(Input for this task)

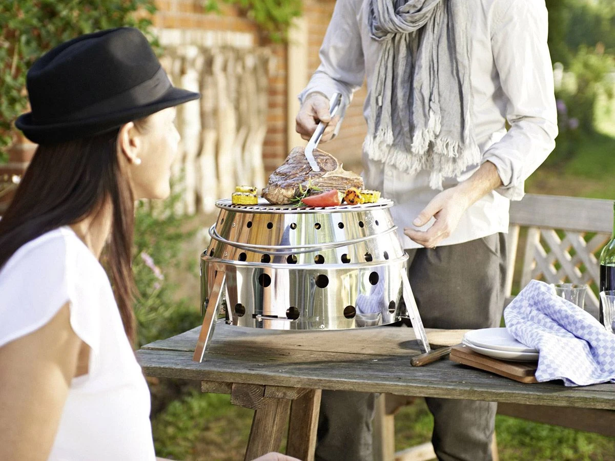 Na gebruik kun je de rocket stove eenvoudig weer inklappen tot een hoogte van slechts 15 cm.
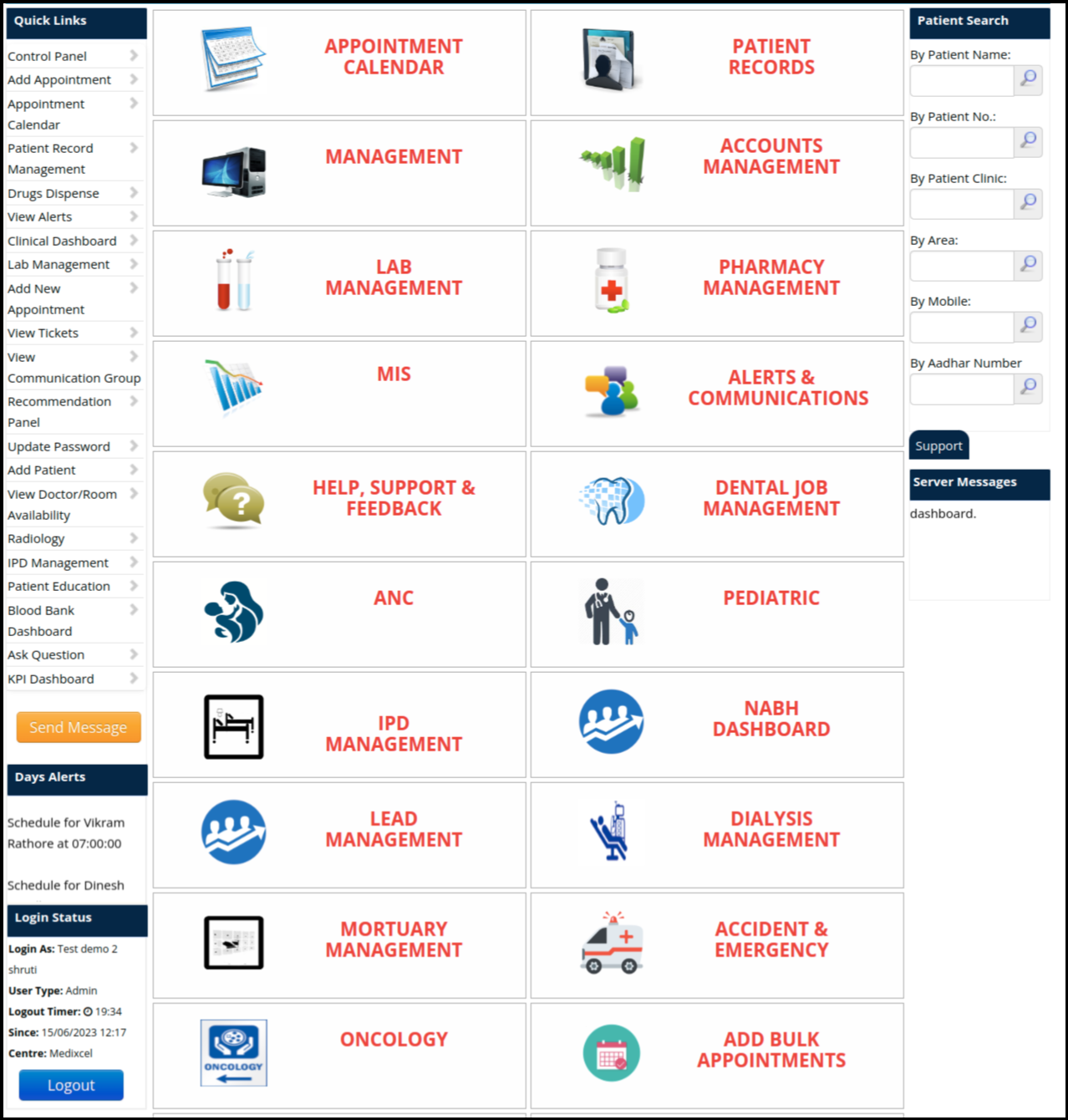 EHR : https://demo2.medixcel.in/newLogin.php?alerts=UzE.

(End Input for this task)
(Input for this task)

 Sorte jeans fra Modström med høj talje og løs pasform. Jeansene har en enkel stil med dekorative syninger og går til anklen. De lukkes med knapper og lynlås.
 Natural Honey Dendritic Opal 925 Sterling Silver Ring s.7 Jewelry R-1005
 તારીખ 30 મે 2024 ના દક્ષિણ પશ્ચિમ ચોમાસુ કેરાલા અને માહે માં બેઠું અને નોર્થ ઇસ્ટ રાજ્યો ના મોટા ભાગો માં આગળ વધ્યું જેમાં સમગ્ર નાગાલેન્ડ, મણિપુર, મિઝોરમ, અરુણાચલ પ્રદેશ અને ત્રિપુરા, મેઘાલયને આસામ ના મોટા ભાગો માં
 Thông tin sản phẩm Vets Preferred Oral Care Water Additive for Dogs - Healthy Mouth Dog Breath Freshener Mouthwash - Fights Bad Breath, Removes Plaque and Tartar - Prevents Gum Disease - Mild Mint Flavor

(End Input for this task)

» What to work on
Please output the lines above beginning at the line with "Na gebruik kun" and ending after the line with "EHR : https://demo2.medixcel.in/newLogin.php?alerts=UzE.", precisely as written and with no pictures.

» Reply
 Na gebruik kun je de rocket stove eenvoudig weer inklappen tot een hoogte van slechts 15 cm.
 EHR : https://demo2.medixcel.in/newLogin.php?alerts=UzE.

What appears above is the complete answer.